By 2009, a total of 423 bird species had been recorded in the protected area. It is the western limit of several resident birds including swamp francolin (Ortygornis gularis), Jerdon's bush chat (Saxicola jerdoni), Indian grassbird (Graminicola bengalensis), chestnut-capped babbler (Timalia pileata) and Jerdon's babbler (Chrysomma altirostre), and the north-western limit of the yellow-eyed babbler (Chrysomma sinense). Forest birds include Oriental pied hornbill (Anthracoceros albirostris), rufous-bellied eagle (Lophotriorchis kienerii), spot-bellied eagle owl (Bubo nipalensis) and dusky eagle owl (B. coromandus). The forests are also important for great slaty woodpecker (Mulleripicus pulverulentus) and white-naped woodpecker (Chrysocolaptes festivus). The white-rumped vulture (Gyps bengalensis), slender-billed vulture (G. tenuirostris), lesser adjutant (Leptoptilos javanicus), grey-headed fish eagle (Haliaeetus ichthyaetus) and Oriental darter (Anhinga melanogaster) are breeding residents. Sarus crane (Antigone antigone), painted stork (Mycteria leucocephala) and bristled grassbird (Schoenicola striatus) are summer visitors. Greater racquet-tailed drongo (Dicrurus paradiseus), white-capped redstart (Phoenicurus leucocephalus), rusty-tailed flycatcher (Ficedula ruficauda) and rufous-gorgeted flycatcher (F. strophiata) are uncommon winter visitors.
The white-throated bush chat (Saxicola insignis) is a winter visitor. The black-necked stork (Ephippiorhynchus asiaticus) and red-headed vulture (Sarcogyps calvus) visit the park occasionally.

A total of 450 bird species had been recorded by mid 2019. Between November 2019 and spring 2020, six additional species were observed comprising little forktail (Enicurus scouleri), wood snipe (Gallinago nemoricola), great barbet (Psilopogon virens), Laggar falcon (Falco jugger), Indian nuthatch (Sitta castanea) and black-breasted thrush (Turdus dissimilis).

=== Reptiles ===
As of September 2019, 56 reptile species have been recorded in Shuklaphanta National Park.
The mugger crocodile (Crocodylus palustris) was observed at Rani Tal, one of the natural lakes in the east of the national park.
Both Bengal monitor (Varanus bengalensis) and yellow monitor (V. flavescens) have frequently been observed in the national park's buffer zone. Venomous snakes are represented by king cobra (Ophiophagus hannah), Indian cobra (Naja naja) and monocled cobra (N. kaouthia), Russell's viper (Daboia russelii), common krait (Bungarus caeruleus) and banded krait (B. fasciatus).
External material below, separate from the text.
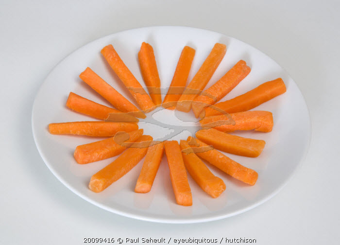 Food, Vegetable, Carrots, Slices of raw uncooked carrot on round white plate against a white background.

Non-venomous snakes comprise Burmese python (Python bivittatus), Oriental ratsnake (Ptyas mucosa), Ahaetulla laudankia, Ahaetulla nasuta, Forsten's cat snake (Boiga forsteni) and common cat snake (B. trigonata), Chrysopelea ornata, trinket snake (Coelognathus helena) and radiated ratsnake (C. radiatus), bronzeback (Dendrelaphis tristis), rainbow water snake (Enhydris enhydris) and Siebold's water snake (Ferania sieboldii), red sand boa (Eryx johnii) and rough-scaled sand boa (E. conicus), brahminy blind snake (Indotyphlops braminus), Indian wolf snake (Lycodon aulicus), twin-spotted wolf snake (L. jara) and barred wolf snake (L. striatus), banded kukri snake (Oligodon arnensis) and coral kukri snake (O. kheriensis), Psammophis condanarus, Sibynophis sagittarius, buff striped keelback (Amphiesma stolatum) and checkered keelback (Fowlea piscator). Testudines comprise tricarinate hill turtle (Melanochelys tricarinata), Indian black turtle (M. trijuga), Indian roofed turtle (Pangshura tecta), Indian tent turtle (Pangshura tentoria), elongated tortoise (Indotestudo elongata) and Indian narrow-headed softshell turtle (Chitra indica).
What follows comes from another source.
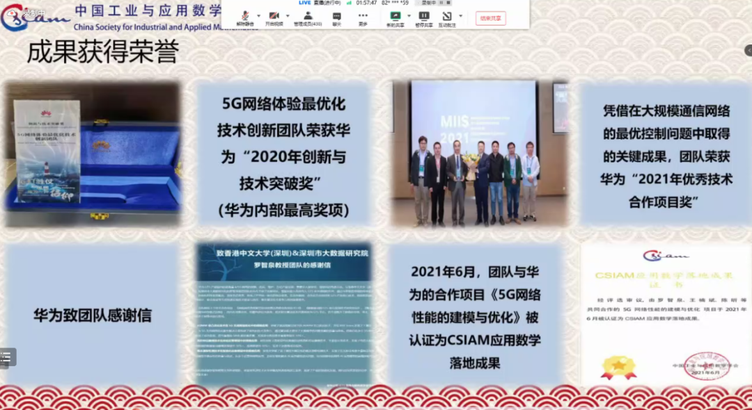 ? ? ? ?會上,香港中文大學(深圳)副校長(學術)、深圳市大數據研究院院長羅智泉院士因其在大規模無線網絡性能優化方面的杰出貢獻榮獲首屆王選應用數學獎。王選應用數學獎設立于2018年,今年是首屆頒獎,主要獎勵將數學研究成果落地應用并產生重大價值的杰出科學家。

The gharial became extinct in the park in 1993, but was reintroduced in March 2024 to the Chaudhar River.

=== Amphibians ===
Asian common toad (Duttaphrynus melanostictus) and marbled toad (D. stomaticus), Euphlyctis cyanophlyctis, Jerdon's bull frog (Hoplobatrachus crassus) and Asian bullfrog (H. tigerinus), Chunam tree frog (Polypedates maculatus) and Terai tree frog (P. taeniatus), grey balloon frog (Uperodon globulosus), marbled balloon frog (U. systoma) and painted globular frog (U. taprobanicus), Minervarya pierrei, M. syhadrensis and M. teraiensis, Microhyla and Sphaerotheca species were recorded between January 2017 and September 2019.

=== Fish ===
As of 2005, 28 fish species have been recorded in the rivers and lakes in the national park.